A Hate classifier for low resource Indian languages
This project uses datasets collected from various research papers and AI workshops.
| Column | Description | Format |
|---|---|---|
| UID | Unique identifier to trace the origin of the dataset and act as index for dataset. | <language_code><train/test/val>_<index_number> |
| text | The text content used for classifier | utf-8 encoded text |
| label_yn | A binary label indicating whether text is classified as hate / non-hate in respective datasets. | 1 - hate 0 - non-hate |
Datasets used for each language are mentioned below.

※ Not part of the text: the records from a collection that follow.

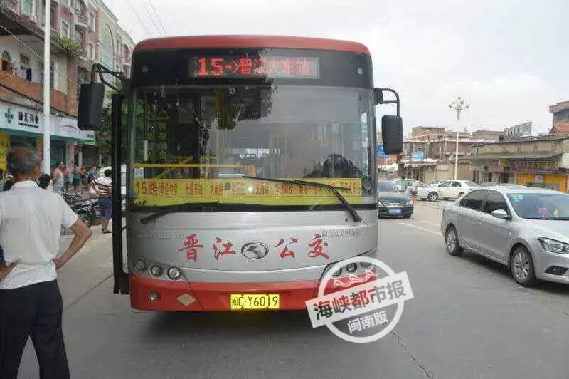 今天14:15 左右,晉江西園街道辦事處外,2個女孩乘坐晉江15路公交車到達“西園辦事處”站,從前門下車。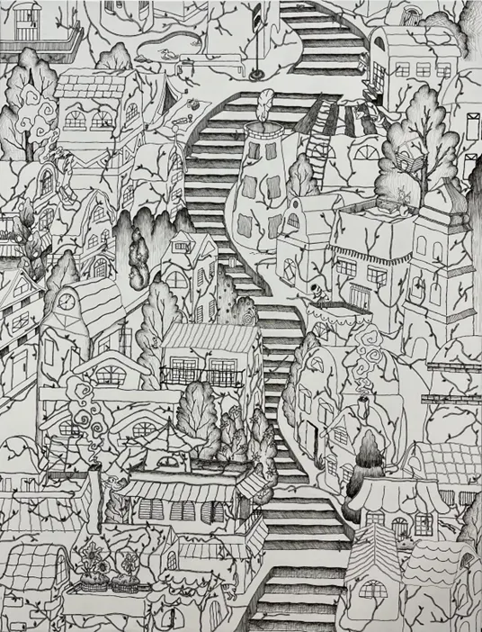 이희수 / Village inside / Pen on paper panel / 65.1×50cm / 2024 / 900,000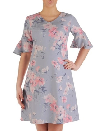 Sukienka w kwiaty 19532, wiosenna kreacja w fasonie do trapezu 19532.
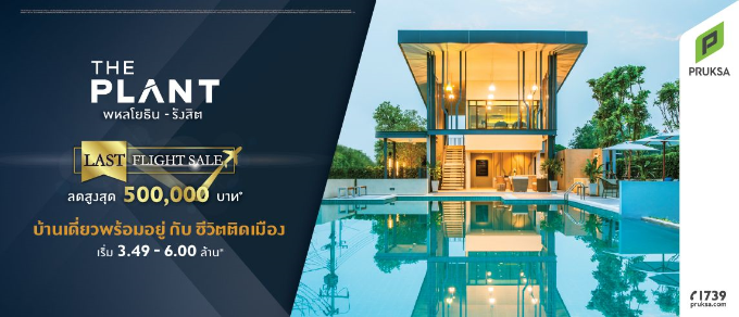 เดอะ แพลนท์ รังสิต - คลองหลวง" Last Flight Sale ลดสูงสุด 500,000 บาท* บ้านหลังใหญ่ โซนหน้าสวน เริ่ม 3.39 - 6.00 ล้านบาท*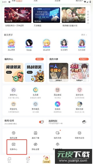 在个人中心里,找到“兑换中心”入口并点击进入。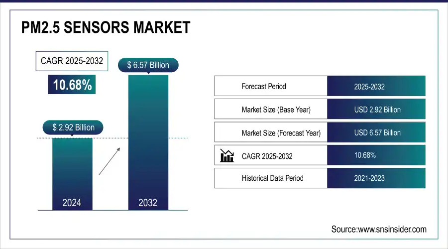 The PM2.5 Sensors Market size was valued at USD 2.92 Billion in 2024 and is projected to reach USD 6.57 Billion by 2032, growing at a CAGR of 10.68% during 2025-2032.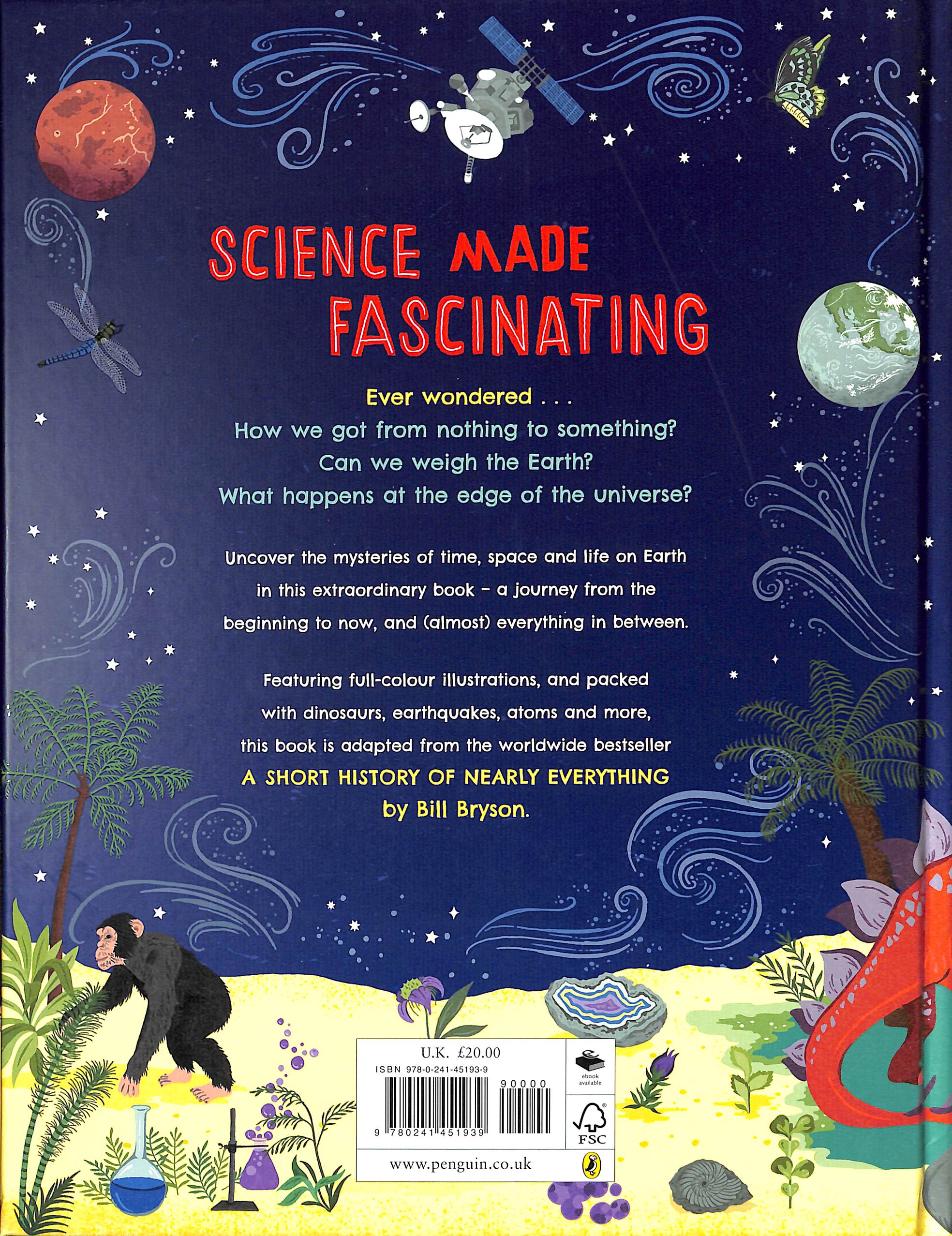 Ever wondered how we got from nothing to something?Or thought about how we can weigh the earth?Or wanted to reach the edge of the universe?Uncover the mysteries of time, space and life on earth in this extraordinary book - a journey from the centre of the planet, to the dawn of the dinosaurs, and everything in between. And discover our own incredible journey, from single cell to civilisation, including the brilliant (and sometimes very bizarre) scientists who helped us find out the how and why. The ideal book for curious young readers everywhere. ************************************************************************Reviews for A Short History of Nearly Everything:'It's the sort of book I would have devoured as a teenager.

- https://github.com/ShareChatAI/MACD/tree/main/dataset
- https://competitions.codalab.org/competitions/26654
- https://github.com/hate-alert/HateCheckHIn/blob/main/monolingual_functionalities.csv
- https://hasocfire.github.io/hasoc/2019/dataset.html
- https://github.com/Kalit31/HASOC-2021/tree/main/data/marathi
- https://github.com/TharinduDR/DeepOffense/tree/master/examples/marathi/data
- https://github.com/l3cube-pune/MarathiNLP/tree/main/L3Cube-MahaHate/2-class
- Please install Poetry
- Run
poetry installin the project root to install required dependencies. - Run
poetry shellto create a new poetry shell. - Run
jupyter notebookto run jupyter notebook server.